Quality & non-conformity management

Supply Chain and Quality: Artificial Intelligence as the main driver for high-quality performance 

In Supply Chain Management, managing disruptions is one of the biggest challenges for practitioners, impacting directly the delivery performance of the supply chain. Disruptions may stem from various sources, and implementing a relevant solution may be costly. With regards to the Aerospace and Defence Industry, supply chain quality is typically impacted by the quality of the products or components themselves transiting through the network.

The rate of non-conformity impacts supply chain flows by creating delays, generating unexpected problem-solving costs and ultimately degrading production throughput rate and takt time. Hence, keeping low rates of non-conformity are of paramount importance to maintain quality and supply chain performance optimal.

AI technologies improving Quality for Supply Chain Management 

Recent developments in Artificial Intelligence have proven to be disruptive for all issues related to quality and non-conformity, and can be applied effectively to the Aerospace & Defence Supply Chain.

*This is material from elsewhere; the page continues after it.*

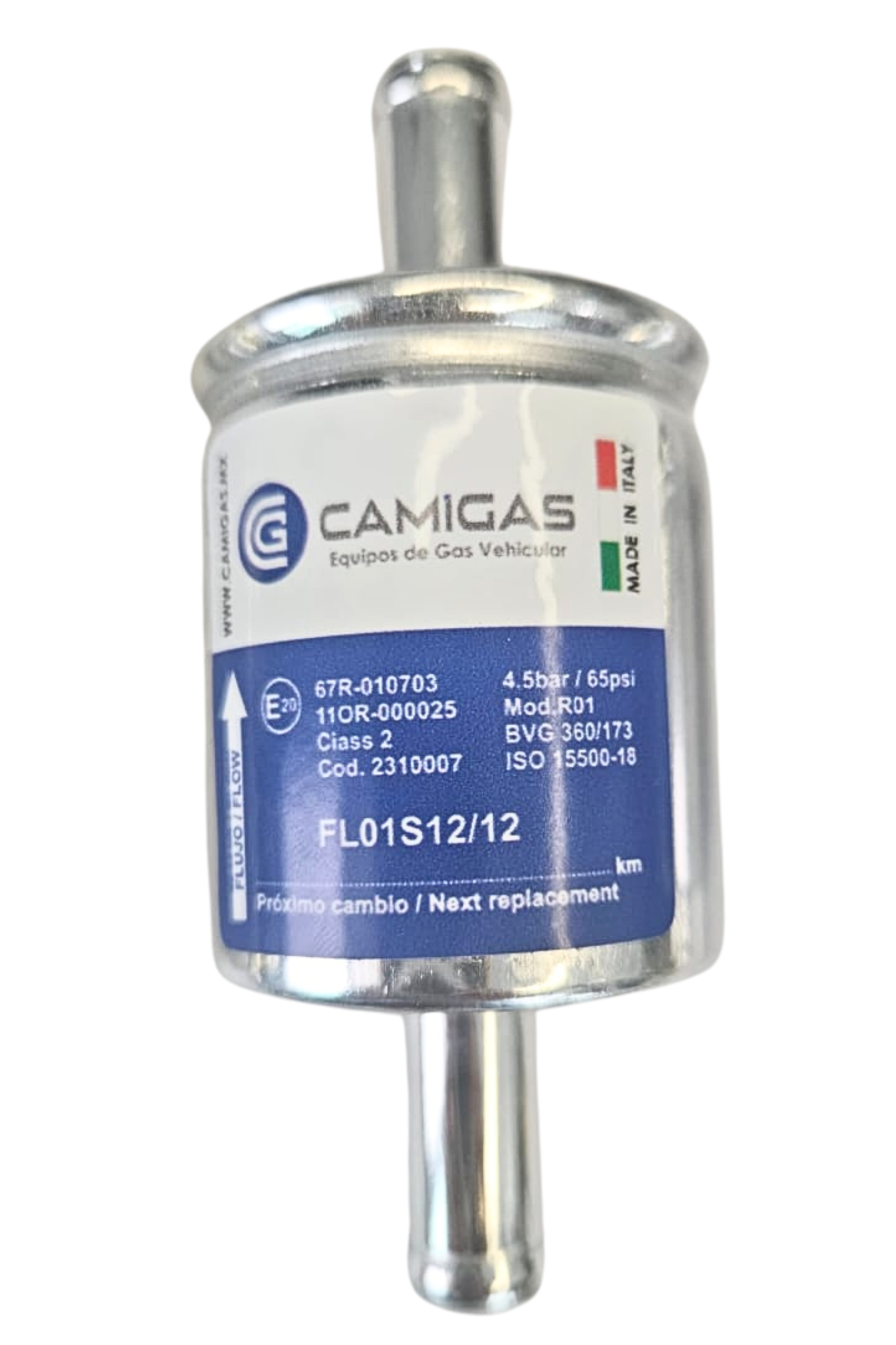 | Filtro de fase gaseosa 12/2x12 mm [FL01YP] | El filtro de fase gaseosa 12/2×12 mm (poliéster, desechable) es un filtro completo que consta de … | El filtro de fase volátil Camigas – FL-01YP 12/2×12 mm está diseñado para su uso en instalaciones de GLP en automóviles. Su función principal es detener las impurezas que podrían entrar en el motor en la fase volátil. | FASE GASEOSA, PARTES DE GLP/GNC | |||

In particular, advanced analytics integrating systems modelling, default classification & tracking as well as simulation for non-conformity propagation are particularly powerful. They enable the transformation of decision-making related to quality management, improving operational business processes and ultimately reducing disruptions.

In particular, Sopra Steria has identified three key domains where Artificial Intelligence adds the most value to Supply Chain Quality:

 

To support its clients along these areas, Sopra Steria has developed multiple AI assets and accelerators that are used as catalysts to reduce project development cost and accelerate their time-to-market.

#1: Process adherence

In the Aerospace & Defence industry, manufacturing steps are carefully designed with respect to upstream engineering requirements in order to ensure product reliability. The design of each part or component is indeed created with respect to different constraints, in particular performance, norms, traceability and certifications. These come also with precise manufacturing processes and steps to guarantee the conformity of the product to its quality requirements.

As a consequence, deviating from standard manufacturing processes that have been defined by engineering for quality purposes generally increases the risk of non-conformity. Tracking these deviations and measuring process adherence with Process Mining can be done by comparing the logs of activities occurring in the MES with the theoretical process as defined in Manufacturing Engineering.

Beyond process mining and by integrating other relevant features, an AI module can identify the correlation between the contexts of the deviation, in particular the environmental parameters, and the insights of the deviation. In that case, when practitioners decide to implement a corrective action plan, the AI module can also record the action to mitigate the risk of non-adherence and its final outcome.

This AI system is finally able to recommend, given a particular situation, an effective action plan automatically. Sopra Steria, with its AI and process mining capabilities, has developed assets to accelerate the identification of Supply Chain disruptions due to quality issues, and support the implementation of corrective action plans targeted towards practitioners.

#2: Intelligent Testing

In the field of Quality Management in Manufacturing or Supply Chain, a key best practice is the inspection (destructive or non-destructive) of the produced or delivered components. This enables the statistical estimation of indicators such as non-conformity ratio for a production batch and provides concrete insights enabling practitioners to get a better visibility on the risk of Supply Chain disruptions.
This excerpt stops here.